» What is expected: Look below for the line that has "Tento detailný model"; output exactly from it through the line that has "Immediately, a few", and leave the pictures out.

» Supplied records:

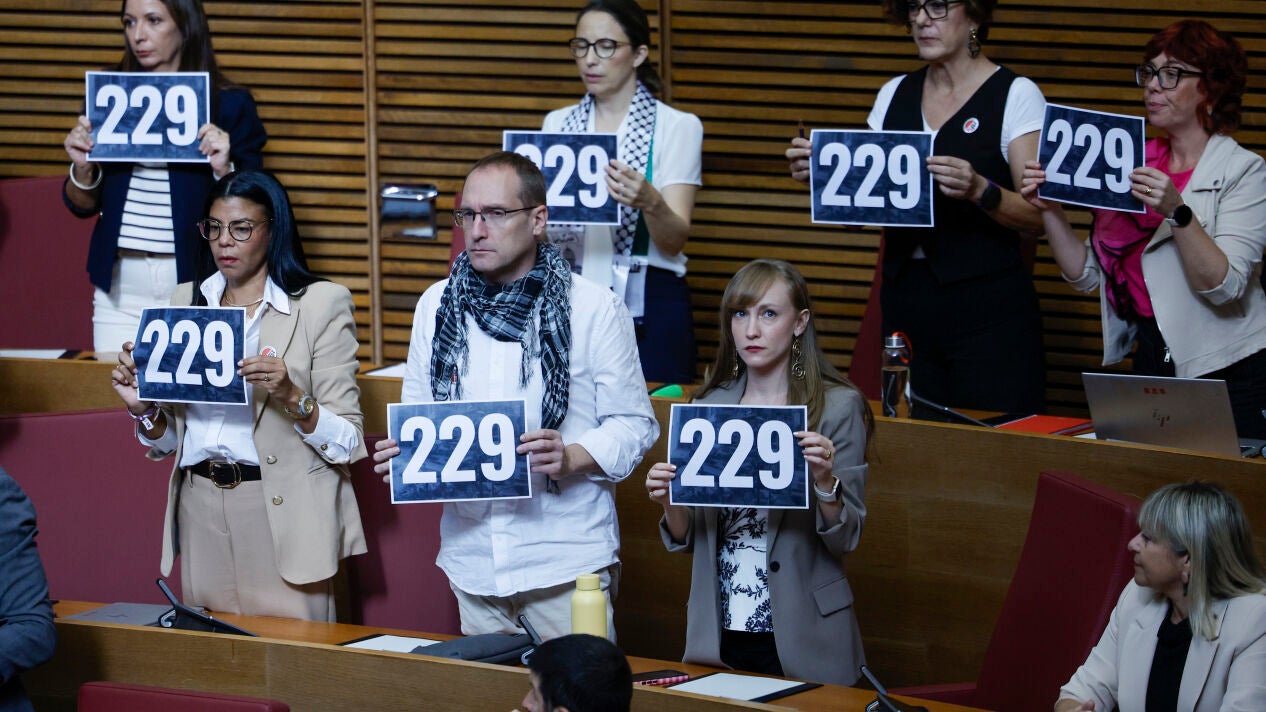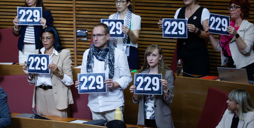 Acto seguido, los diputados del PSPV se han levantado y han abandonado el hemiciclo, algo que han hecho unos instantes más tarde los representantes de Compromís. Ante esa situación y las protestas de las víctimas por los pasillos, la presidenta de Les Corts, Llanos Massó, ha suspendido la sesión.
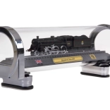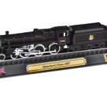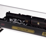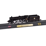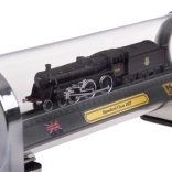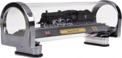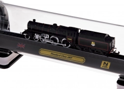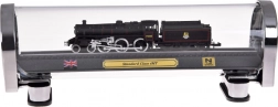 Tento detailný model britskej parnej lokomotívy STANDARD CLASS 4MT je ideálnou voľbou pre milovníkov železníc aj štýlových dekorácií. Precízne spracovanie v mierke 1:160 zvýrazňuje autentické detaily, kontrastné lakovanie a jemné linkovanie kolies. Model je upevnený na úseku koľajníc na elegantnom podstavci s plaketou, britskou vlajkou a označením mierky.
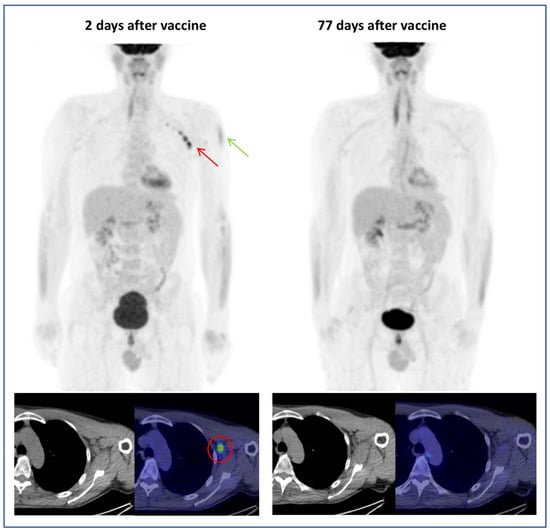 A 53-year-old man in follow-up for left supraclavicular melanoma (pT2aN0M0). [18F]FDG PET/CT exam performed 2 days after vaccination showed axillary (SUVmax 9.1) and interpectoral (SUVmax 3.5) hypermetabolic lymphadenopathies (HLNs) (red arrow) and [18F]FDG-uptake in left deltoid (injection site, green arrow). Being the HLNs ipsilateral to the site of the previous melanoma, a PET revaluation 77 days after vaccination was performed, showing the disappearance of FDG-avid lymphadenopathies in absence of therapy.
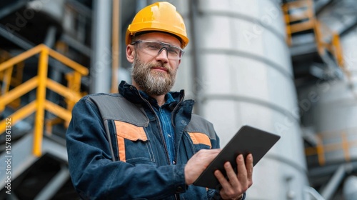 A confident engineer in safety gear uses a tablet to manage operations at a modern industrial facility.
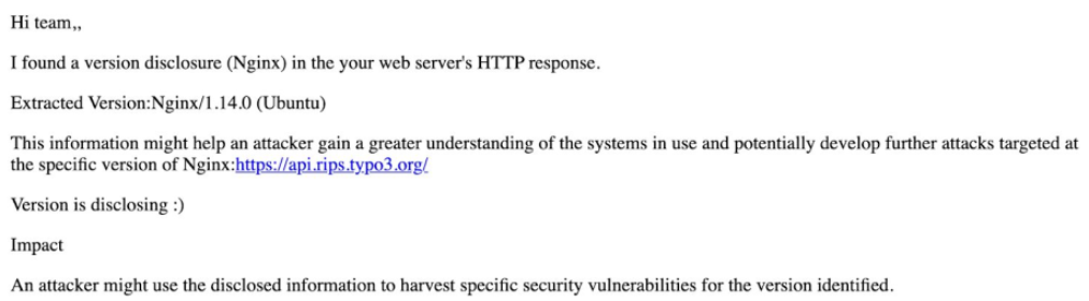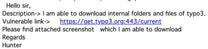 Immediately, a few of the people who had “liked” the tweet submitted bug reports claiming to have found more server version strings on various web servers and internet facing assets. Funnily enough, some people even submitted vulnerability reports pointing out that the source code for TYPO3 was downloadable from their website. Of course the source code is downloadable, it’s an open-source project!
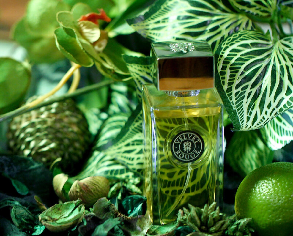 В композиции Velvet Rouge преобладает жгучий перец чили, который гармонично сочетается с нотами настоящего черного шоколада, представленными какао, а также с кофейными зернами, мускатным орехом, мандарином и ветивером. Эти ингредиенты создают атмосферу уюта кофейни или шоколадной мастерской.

...

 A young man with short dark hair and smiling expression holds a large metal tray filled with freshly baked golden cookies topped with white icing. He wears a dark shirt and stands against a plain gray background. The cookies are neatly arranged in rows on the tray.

» Response box:
 Tento detailný model britskej parnej lokomotívy STANDARD CLASS 4MT je ideálnou voľbou pre milovníkov železníc aj štýlových dekorácií. Precízne spracovanie v mierke 1:160 zvýrazňuje autentické detaily, kontrastné lakovanie a jemné linkovanie kolies. Model je upevnený na úseku koľajníc na elegantnom podstavci s plaketou, britskou vlajkou a označením mierky.
 A 53-year-old man in follow-up for left supraclavicular melanoma (pT2aN0M0). [18F]FDG PET/CT exam performed 2 days after vaccination showed axillary (SUVmax 9.1) and interpectoral (SUVmax 3.5) hypermetabolic lymphadenopathies (HLNs) (red arrow) and [18F]FDG-uptake in left deltoid (injection site, green arrow). Being the HLNs ipsilateral to the site of the previous melanoma, a PET revaluation 77 days after vaccination was performed, showing the disappearance of FDG-avid lymphadenopathies in absence of therapy.
 A confident engineer in safety gear uses a tablet to manage operations at a modern industrial facility.
 Immediately, a few of the people who had “liked” the tweet submitted bug reports claiming to have found more server version strings on various web servers and internet facing assets. Funnily enough, some people even submitted vulnerability reports pointing out that the source code for TYPO3 was downloadable from their website. Of course the source code is downloadable, it’s an open-source project!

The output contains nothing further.